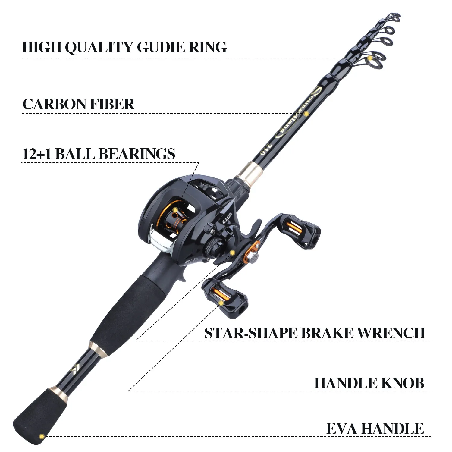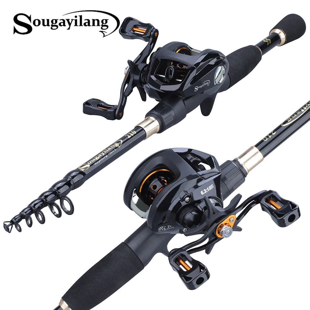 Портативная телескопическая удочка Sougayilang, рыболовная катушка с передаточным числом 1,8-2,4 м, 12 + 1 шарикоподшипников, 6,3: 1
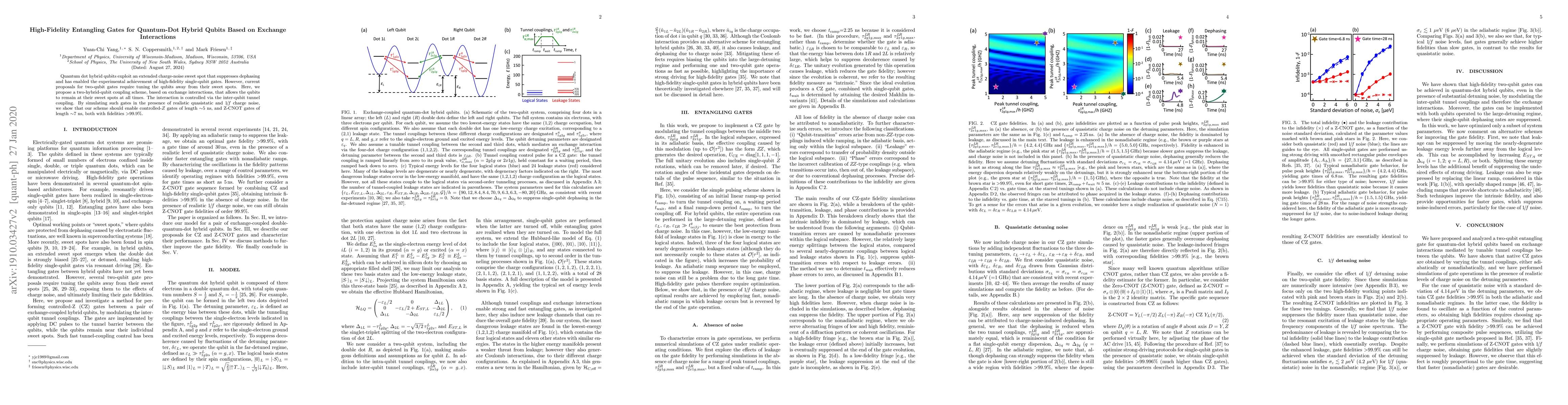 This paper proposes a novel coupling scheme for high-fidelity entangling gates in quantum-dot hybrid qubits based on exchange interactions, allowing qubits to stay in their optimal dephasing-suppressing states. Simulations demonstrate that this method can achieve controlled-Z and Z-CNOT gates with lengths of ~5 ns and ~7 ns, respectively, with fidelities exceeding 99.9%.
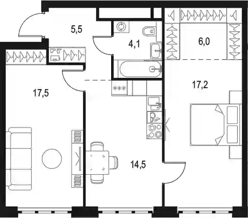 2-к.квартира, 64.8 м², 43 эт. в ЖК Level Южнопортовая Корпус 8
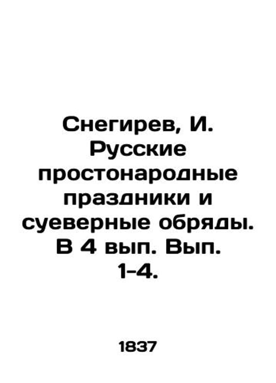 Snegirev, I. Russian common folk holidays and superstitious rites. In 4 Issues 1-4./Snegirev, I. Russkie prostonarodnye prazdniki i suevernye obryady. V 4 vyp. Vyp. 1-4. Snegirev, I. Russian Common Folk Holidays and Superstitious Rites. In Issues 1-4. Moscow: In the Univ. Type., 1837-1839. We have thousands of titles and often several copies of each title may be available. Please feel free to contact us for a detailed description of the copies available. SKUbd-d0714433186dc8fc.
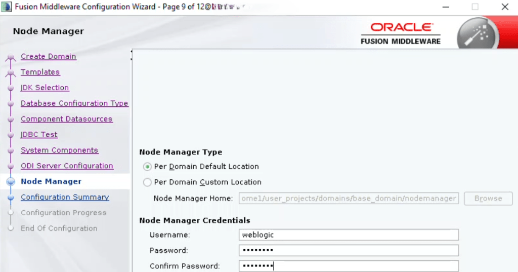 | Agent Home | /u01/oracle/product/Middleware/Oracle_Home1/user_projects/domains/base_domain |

▶ _Work order_
The answer must be the lines of the entries above, written out exactly from the first through the one with "copies available. SKUbd-d0714433186dc8fc.", and no pictures.

▶ _Response area_
 Портативная телескопическая удочка Sougayilang, рыболовная катушка с передаточным числом 1,8-2,4 м, 12 + 1 шарикоподшипников, 6,3: 1
 This paper proposes a novel coupling scheme for high-fidelity entangling gates in quantum-dot hybrid qubits based on exchange interactions, allowing qubits to stay in their optimal dephasing-suppressing states. Simulations demonstrate that this method can achieve controlled-Z and Z-CNOT gates with lengths of ~5 ns and ~7 ns, respectively, with fidelities exceeding 99.9%.
 2-к.квартира, 64.8 м², 43 эт. в ЖК Level Южнопортовая Корпус 8
 Snegirev, I. Russian common folk holidays and superstitious rites. In 4 Issues 1-4./Snegirev, I. Russkie prostonarodnye prazdniki i suevernye obryady. V 4 vyp. Vyp. 1-4. Snegirev, I. Russian Common Folk Holidays and Superstitious Rites. In Issues 1-4. Moscow: In the Univ. Type., 1837-1839. We have thousands of titles and often several copies of each title may be available. Please feel free to contact us for a detailed description of the copies available. SKUbd-d0714433186dc8fc.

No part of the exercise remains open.